All prediction methods transform the provided data through the pipeline in the model's branch before making the predictions. Transformers that should only be applied on the training set are excluded from this step (e.g. outlier pruning or class balancing).

The available prediction methods are the most common methods for estimators in sklearn's API:

decision_functionGet confidence scores on new data or rows in the dataset.
predictGet class predictions on new data or rows in the dataset.
predict_log_probaGet class log-probabilities on new data or rows in the dataset.
predict_probaGet class probabilities on new data or rows in the dataset.
scoreGet a metric score on new data.

Prediction attributes

The prediction methods can be calculated on the train, test and holdout set. You can access them through attributes of the form [method]_[data_set], e.g. atom.mnb.predict_train, atom.mnb.predict_test or atom.mnb.predict_holdout. The results are cached after the first call to avoid consequent expensive calculations. This mechanism can increase the size of the instance for large datasets. Use the clear method if you need to free the memory.

Warning

The prediction attributes for the score method return atom's metric score on that set, not the metric returned by sklearn's score method for estimators. Use the method's metric parameter to calculate a different metric.

Note

The predict_proba method of some meta-estimators for multioutput tasks (such as MultioutputClassifier) return 3 dimensions, namely, a list of arrays with shape=(n_samples, n_classes). One array per target column. Since ATOM's prediction methods return pandas objects, such 3-dimensional arrays are converted to a multiindex pd.DataFrame, where the first level of the row indices are the target columns, and the second level are the classes. Use .loc[[name_of_target_column]] to only select the predictions for one target.

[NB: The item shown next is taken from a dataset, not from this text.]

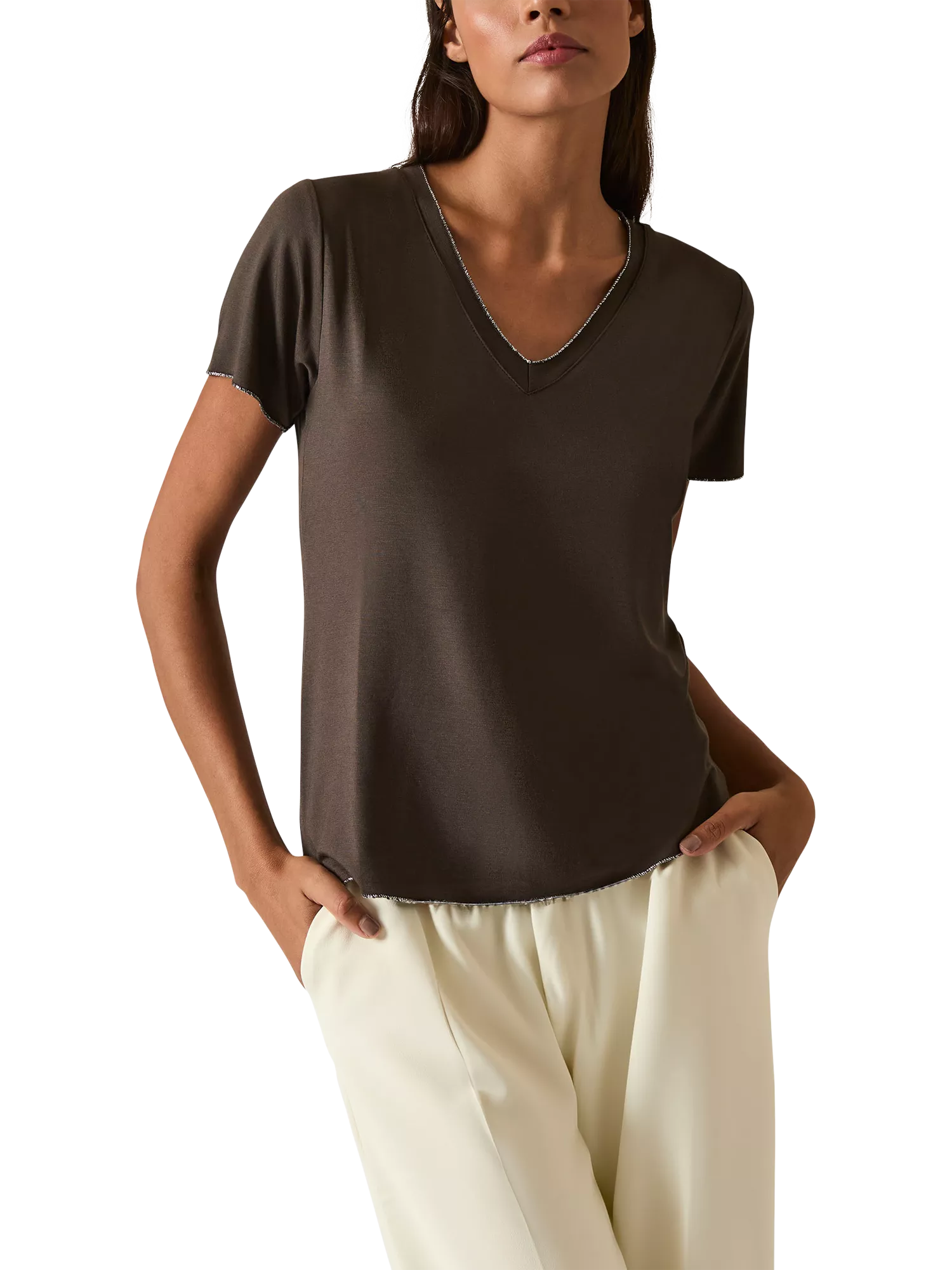 Thoughtfully designed in the softest natural viscose, this T-shirt features elegant Lurex detailing along the V-neck, short sleeves, and hem. Slightly tailored at the waist.

Predictions on rows in the dataset

It's also possible to get the prediction for a specific row or rows in the dataset, providing the names or positions of the rows to the prediction methods, e.g. atom.rf.predict(10) returns the random forest's prediction on the 10th row in the dataset, or atom.rf.predict_proba(["index1", "index2"]) returns the class probabilities for the rows in the dataset with indices index1 and index2.